R: Recognize your feeling in the moment. Put a name to the feeling if you can. This reduces the power associated with the feeling.
A: Allow the feeling to be there. Don't try to change it. Just acknowledge it. It is just a feeling. It might be uncomfortable but it is not you. It will pass. It will not
stay forever.
I: Investigate the feeling, with kindness. Where is it in your body? How is it making your body feel? What is it making you think? Be a detective and investigate the situation caused by the feeling, but do it kindly. Don't criticize. 

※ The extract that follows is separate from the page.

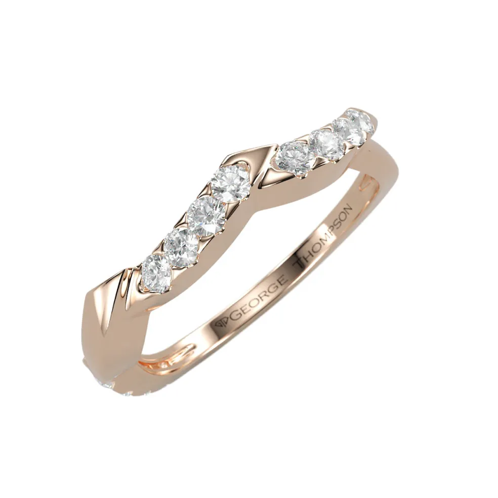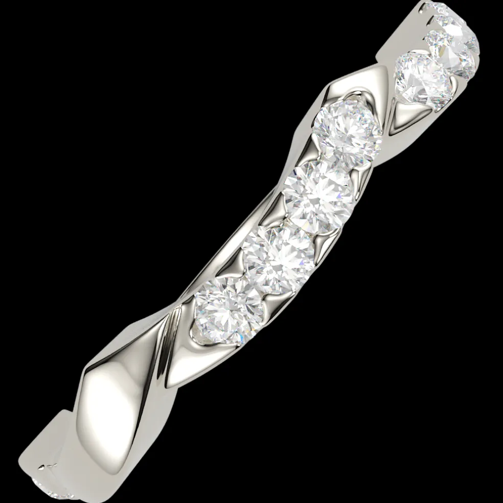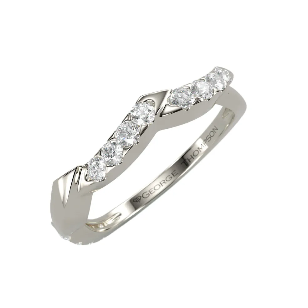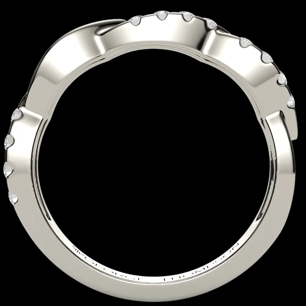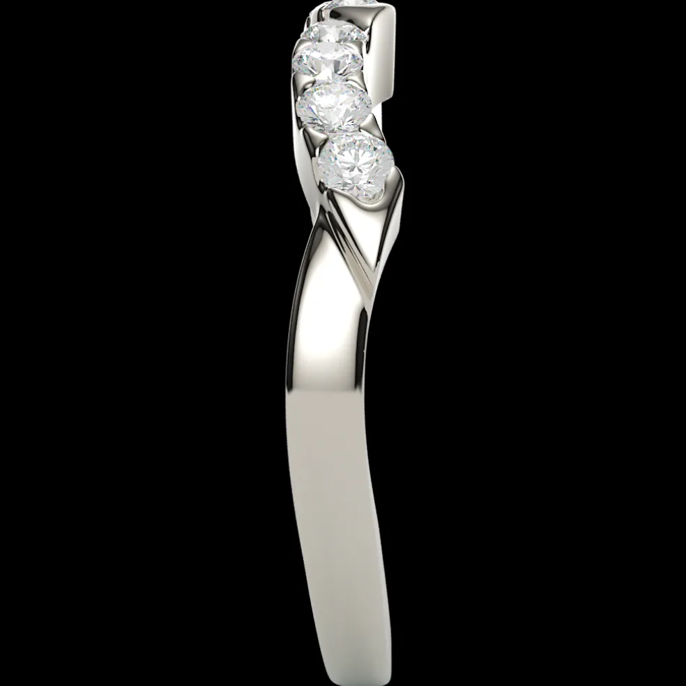 The breathtakingly beautiful curved wedding band, adorned with 12 sparkling round brilliant accent diamonds, The Natina. With an approximate total weight of 0.15cts, this band boasts a total diamond weight of approximately 0.15cts, radiating pure elegance and glamour. Crafted from high-quality 14kt white gold, this stunning band weighs approximately 2.90 grams, and is available in yellow gold, rose gold, palladium and platinum, ensuring a perfect match for any style and taste. Customizable to fit any size, this stunning piece of jewelry is the perfect choice for anyone looking for the ultimate symbol of love and commitment.

N:NON-Identification. This is just a feeling. It might not be a nice feeling but neither is it you. It is just a feeling that will go away. It might come back but it will go away again. It is not you. Do not hold onto it, thinking that you are the feeling. You are not. It is like the fish in the pond, the clouds in the sky, the apples on the tree. They are part of the whole but they are not the whole. Feelings are part of you but they are not you! Instead of saying, "I am sad", you could say "I feel sad." Instead of "I am mad", say, "I feel mad." Your emotions are just feelings. 

You will have many feelings in a day and certainly in your lifetime. You may need to do this exercise over and over again. 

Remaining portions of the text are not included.